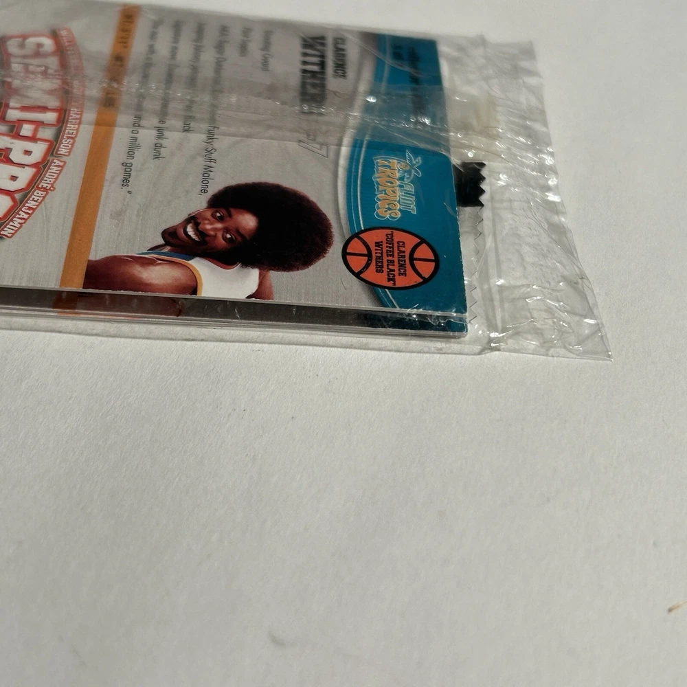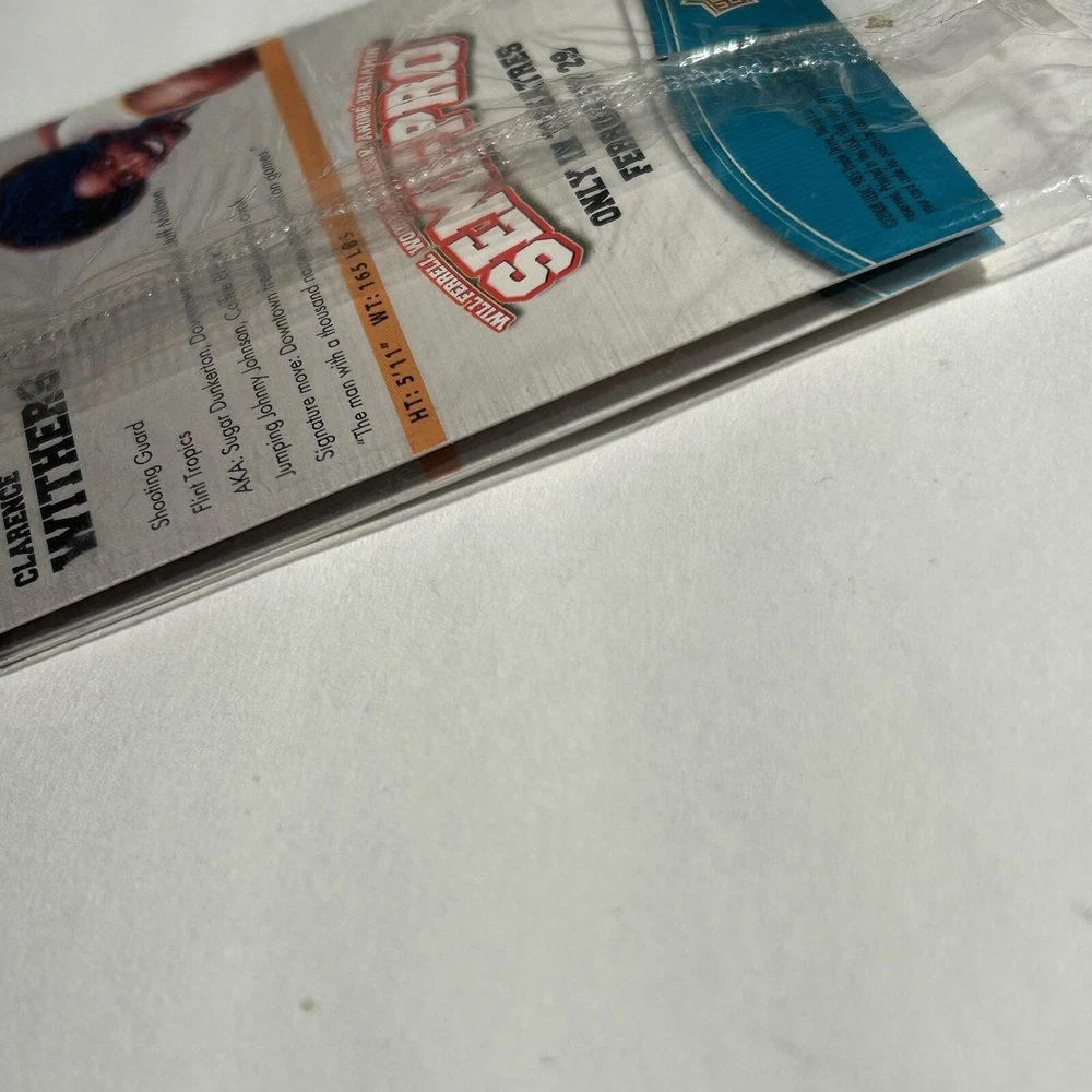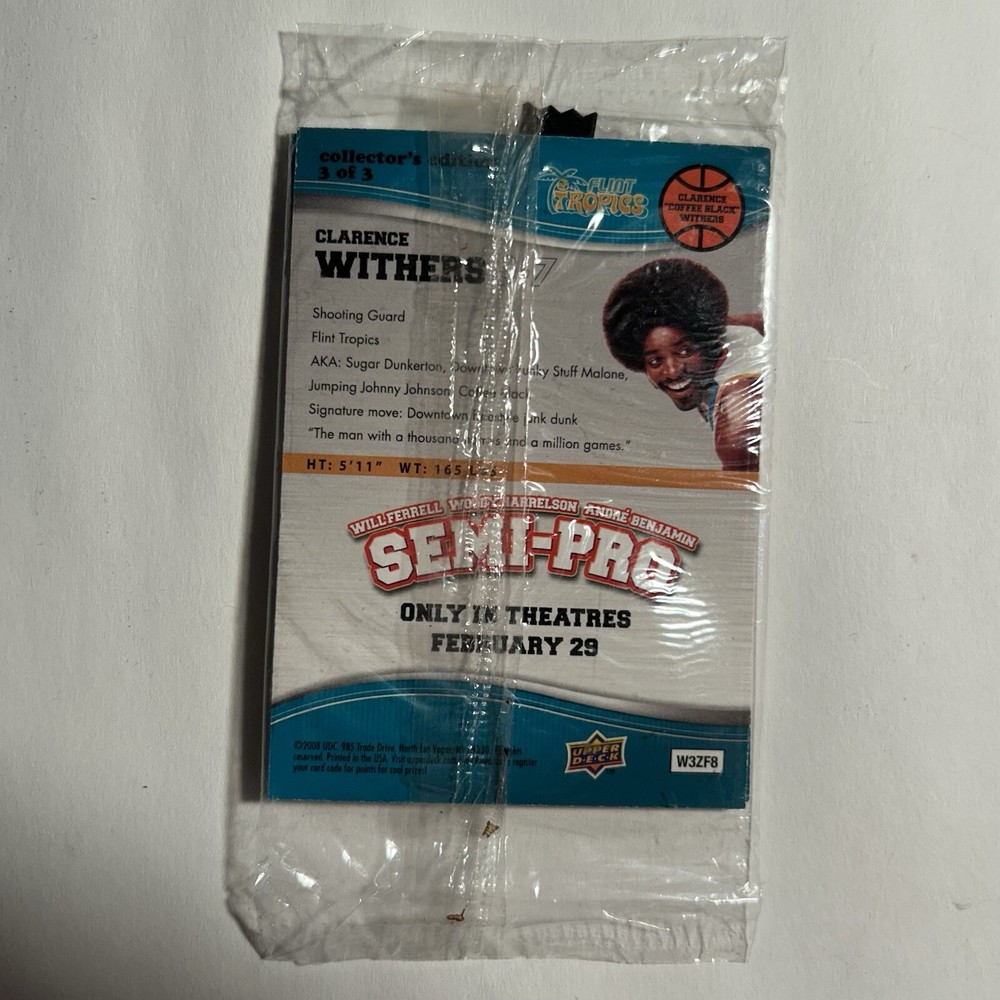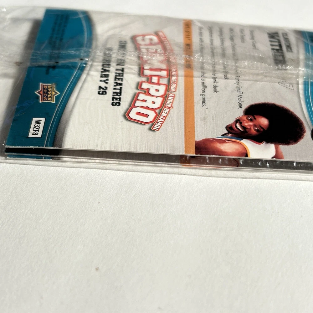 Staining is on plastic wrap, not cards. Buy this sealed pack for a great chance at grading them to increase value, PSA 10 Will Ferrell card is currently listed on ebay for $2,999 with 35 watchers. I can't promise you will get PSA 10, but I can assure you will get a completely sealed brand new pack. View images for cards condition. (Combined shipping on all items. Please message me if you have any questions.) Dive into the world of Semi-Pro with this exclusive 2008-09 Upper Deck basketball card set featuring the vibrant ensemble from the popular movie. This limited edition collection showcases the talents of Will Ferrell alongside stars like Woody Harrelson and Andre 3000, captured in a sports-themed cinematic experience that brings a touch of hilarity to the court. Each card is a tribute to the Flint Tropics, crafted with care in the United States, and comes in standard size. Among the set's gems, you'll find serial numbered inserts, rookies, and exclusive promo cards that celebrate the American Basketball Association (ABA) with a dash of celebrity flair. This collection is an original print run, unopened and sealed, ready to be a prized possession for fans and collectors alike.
* * *
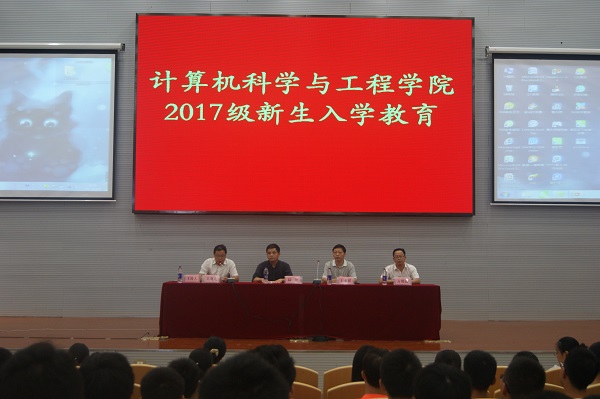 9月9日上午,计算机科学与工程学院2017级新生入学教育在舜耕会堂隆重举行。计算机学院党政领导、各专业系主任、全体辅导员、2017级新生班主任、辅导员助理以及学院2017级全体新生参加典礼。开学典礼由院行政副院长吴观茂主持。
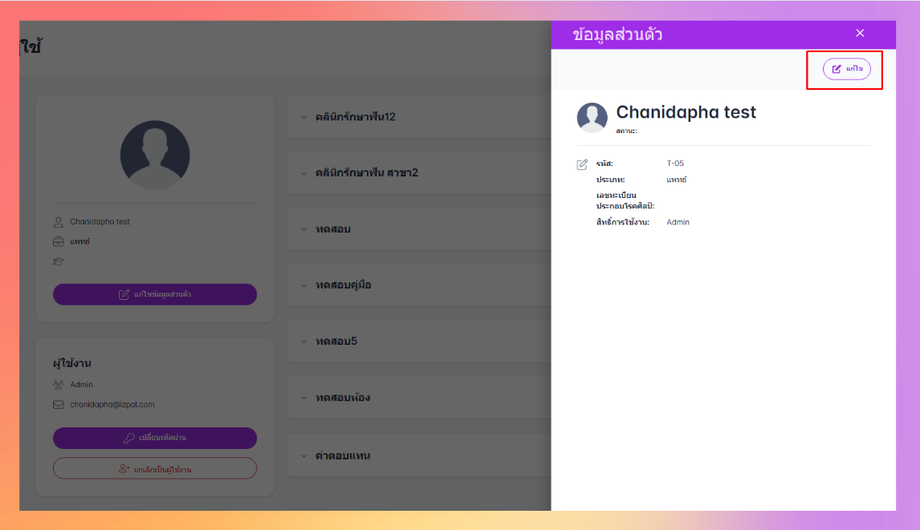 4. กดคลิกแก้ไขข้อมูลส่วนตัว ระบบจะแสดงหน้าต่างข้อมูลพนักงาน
...
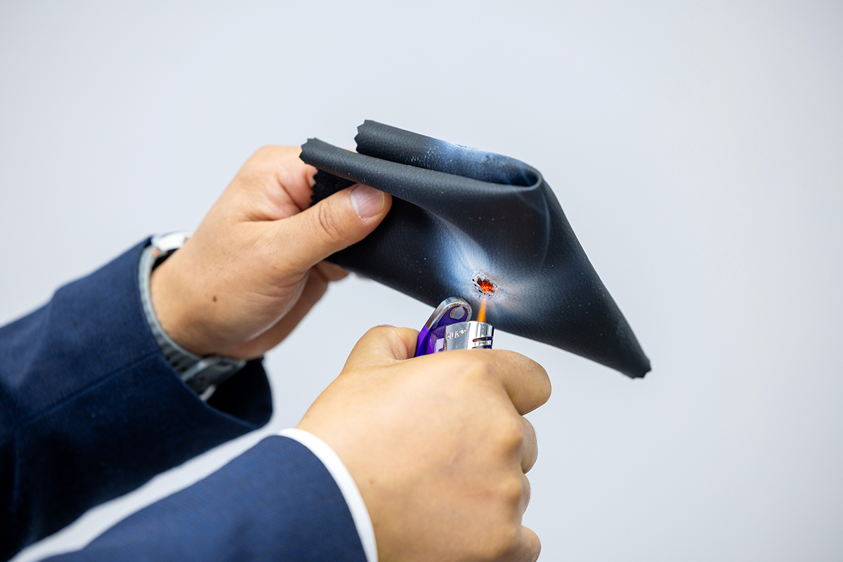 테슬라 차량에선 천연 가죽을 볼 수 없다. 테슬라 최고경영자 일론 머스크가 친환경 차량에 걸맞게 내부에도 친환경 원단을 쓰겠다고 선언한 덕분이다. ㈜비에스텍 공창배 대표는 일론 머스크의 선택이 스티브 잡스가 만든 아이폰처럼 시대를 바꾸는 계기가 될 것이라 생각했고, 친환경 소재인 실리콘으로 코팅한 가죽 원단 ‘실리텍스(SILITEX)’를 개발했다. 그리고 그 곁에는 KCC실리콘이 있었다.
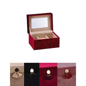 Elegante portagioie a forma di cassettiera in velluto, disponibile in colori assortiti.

WHAT YOU SHOULD DO ▸ Going by the data above, give back only the lines from the one containing "9月9日上午,计算机科学与工" through the one containing "4. กดคลิกแก้ไขข้อมูลส่วนตัว ระบบจะแสดงหน้าต่างข้อมูลพนักงาน", exactly as they stand, both ends included and no images.

EXERCISE RESULT ▸
 9月9日上午,计算机科学与工程学院2017级新生入学教育在舜耕会堂隆重举行。计算机学院党政领导、各专业系主任、全体辅导员、2017级新生班主任、辅导员助理以及学院2017级全体新生参加典礼。开学典礼由院行政副院长吴观茂主持。
 4. กดคลิกแก้ไขข้อมูลส่วนตัว ระบบจะแสดงหน้าต่างข้อมูลพนักงาน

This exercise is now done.